Мне бы не хотелось, чтобы создалось впечатление попытки нормализовать советскую историческую науку. Она походила на «нормальную» науку не в большей мере, чем СССР походил на «нормальное» общество. Поэтому оценивать советских историков, сравнивая их с историками дореволюционными или с какой-нибудь школой «Анналов», было бы не очень продуктивно. Прежде всего, иной была система легитимации своего ремесла. Советские специалисты по всеобщей истории научились отвечать на вопрос, зачем в условиях враждебного империалистического окружения (либо?форсированной индустриализации, войны, восстановления хозяйства, подготовки к Третьей мировой войне, освоения целины и т.д.) надо изучать историю Древнего Рима, крестовых походов или войны за независимость американских колоний. Ссылки на общую гуманистическую традицию здесь уже не работали, а приверженность «объективизму» служила одним из тяжких обвинений. В зависимости от «текущего момента» ответ мог быть разным. Например, в духе пролетарского интернационализма: изучение «революции рабов и колонов» (на наличие которой указал тов. Сталин на съезде колхозников) позволяет лучше вскрыть особенности классовой борьбы трудящихся; или в духе патриотизма?– изучать образование Тевтонского ордена важно для того, чтобы продемонстрировать агрессивную сущность германского милитаризма и героическую борьбу с ним славянских народов. Но главными и наиболее эффективными были аргументы борьбы с буржуазной историографией и демонстрация превосходства марксистско-ленинского учения. Не удивительно, что советская историческая наука плохо согласовывалась с «традиционными» представлениями о научности. Удивляет, что хотя бы в чем-то она им соответствовала.

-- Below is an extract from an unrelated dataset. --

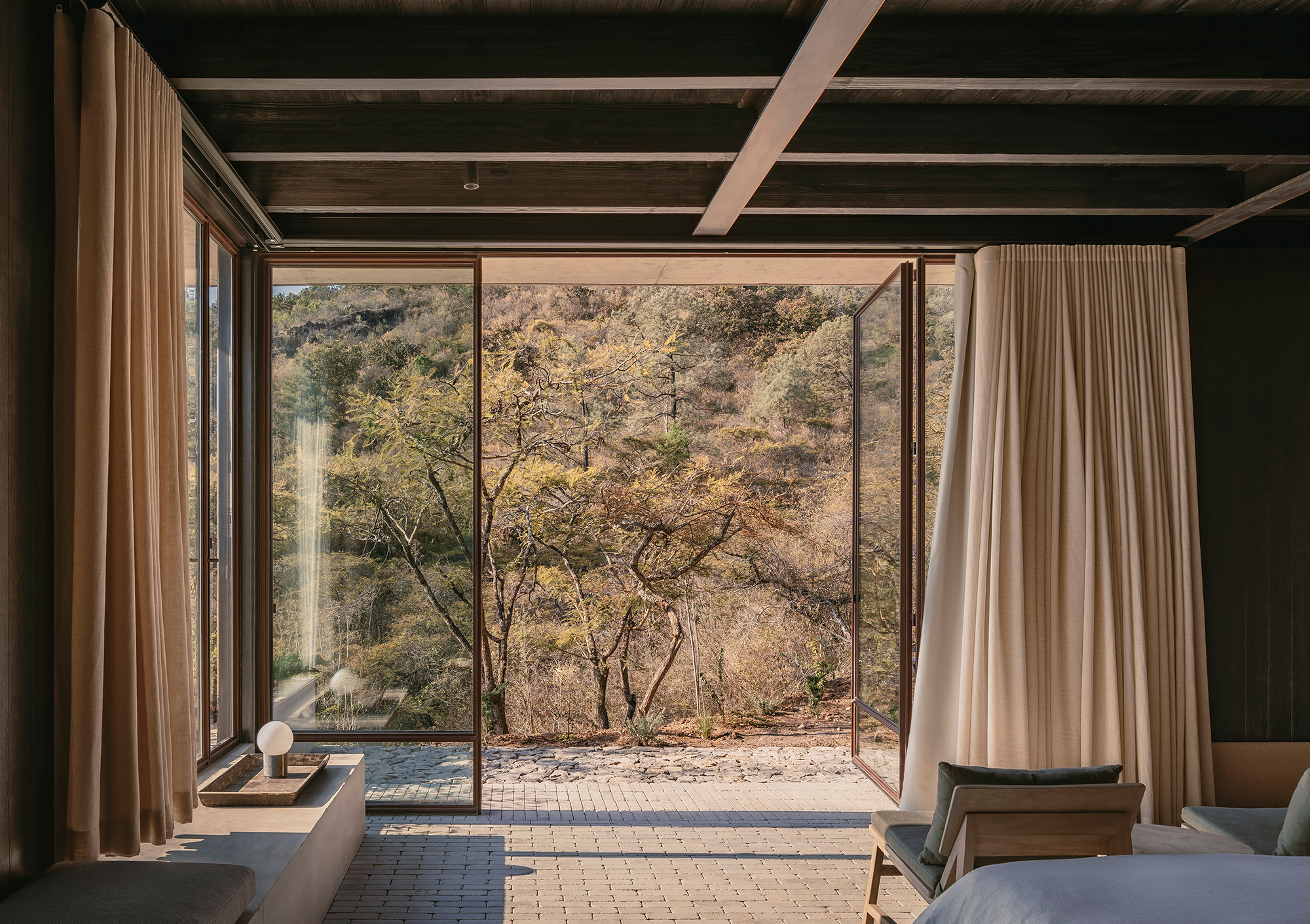 Located on a gentle slope between two ravines that connect the pine forest to the lowland jungle of Valle de Bravo, Casa el Espino rests humbly within a warm and dry atmosphere that suggests an austere and mindful language. The design, influenced by environmental and landscape features, responds with a calm layout, all on a single level that respects the topography through subtle shifts in elevation. From the perspective of the lake and the mountain, the house appears like a canopy.
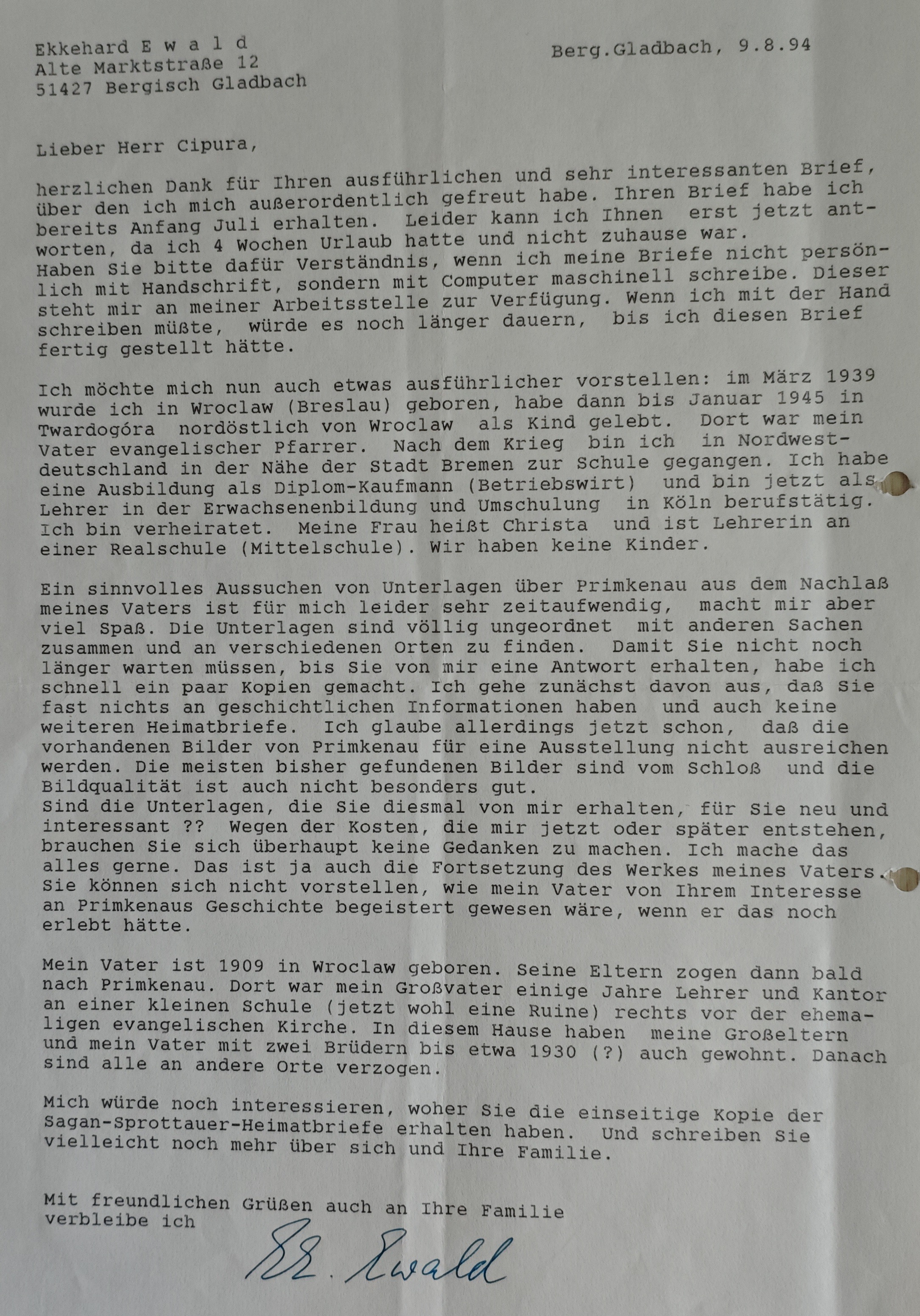 Chciałbym się teraz Panu nieco dokładniej przedstawić: w marcu 1939 roku urodziłem się we Wrocławiu (Breslau), a następnie do stycznia 1945 mieszkałem jako dziecko w Twardogórze na północny wschód od Wrocławia. Tam mój ojciec był pastorem ewangelickim. Po wojnie jestem w północno-zachodnich Niemczech w pobliżu miasta Brema, gdzie odbyłem edukację szkolną. Mam wykształcenie jako dyplomowany handlowiec (ekonomista przedsiębiorstwa) i jestem teraz czynny zawodowo jako nauczyciel w edukacji dorosłych i przekwalifikowaniu w Kolonii.

Возвращение русской исторической науки в советском обличье на международную арену началось с середины 1950-х годов. В 1955 году состоялся X Международный конгресс исторических наук в Риме, где СССР, по сути, впервые принял полноценное участие. Советская делегация во главе с академиком Е.А. Косминским произвела хорошее впечатление. Интеллектуал дореволюционной формации, свободно владевший основными европейскими языками, автор вполне убедительных эмпирических исследований по аграрной истории и вместе с тем вполне последовательно развивающий марксистскую версию истории,?– все это было внове и вызывало большой интерес. С тех пор СССР год от года увеличивал свое присутствие на международных конгрессах. Венцом этого движения можно считать проведение XIII МКИН в Москве в 1970 году.
Но насколько влиятельна была советская историческая наука за рубежом среди тех, кто не занимался специально историей России?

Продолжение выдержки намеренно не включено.